Le vainqueur est… Qatar : le rideau tombe sur Project Hard Football Power


« UNEEt le gagnant est… le Qatar ! Tout a commencé par ces mots, lus sur un ton de gaieté étranglée par Sepp Blatter sur la scène de la Fifa house. Douze ans plus tard, Qatar 2022 s’est maintenant conclu avec la même phrase suspendue dans l’air.

Le projet Hard Football Power est terminé. Et cela n’aurait vraiment pas pu mieux se passer, un jeu de pouvoir microgéré, du projet d’édification de la nation à l’échelle pharaonique, aux décors peints, à la visibilité régionale qui a aidé le Qatar à traverser les années de blocus, à la chance de la mort faire défiler Lionel Messi autour de l’enceinte des vainqueurs comme un mannequin Guy Fawkes rayonnant. Le gagnant est… le Qatar !

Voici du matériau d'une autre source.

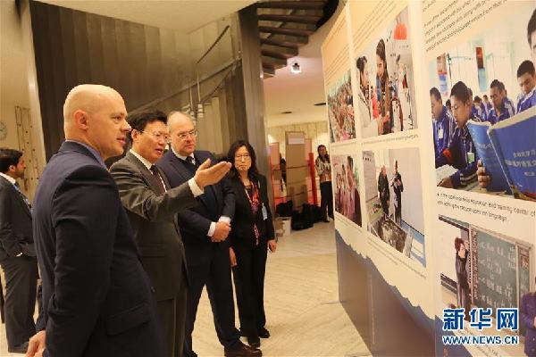 3月4日,在瑞士日內瓦聯(lián)合國萬國宮,來賓參觀“中國新疆人權事業(yè)發(fā)展進步”圖片展。新華社記者 施建國 攝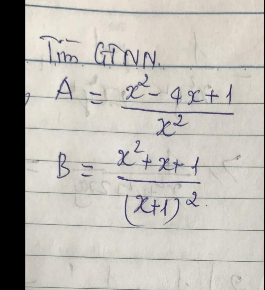 Vậy giá trị nhỏ nhất của `B` là `3/4` khi `x = 1`

Il y avait des couches à ce moment d’allumage en décembre 2010. Le ton étrange de Blatter évoquait le fait qu’il savait également qu’il lisait sa propre note de licenciement, que la victoire du Qatar indiquait que lui, Blatter, avait perdu le contrôle de l’émission. Debout, raide comme une planche, Blatter a donné un coup de coude à Jérôme Valcke, qui avait l’air sur le point de pleurer, et lui a ordonné de sourire.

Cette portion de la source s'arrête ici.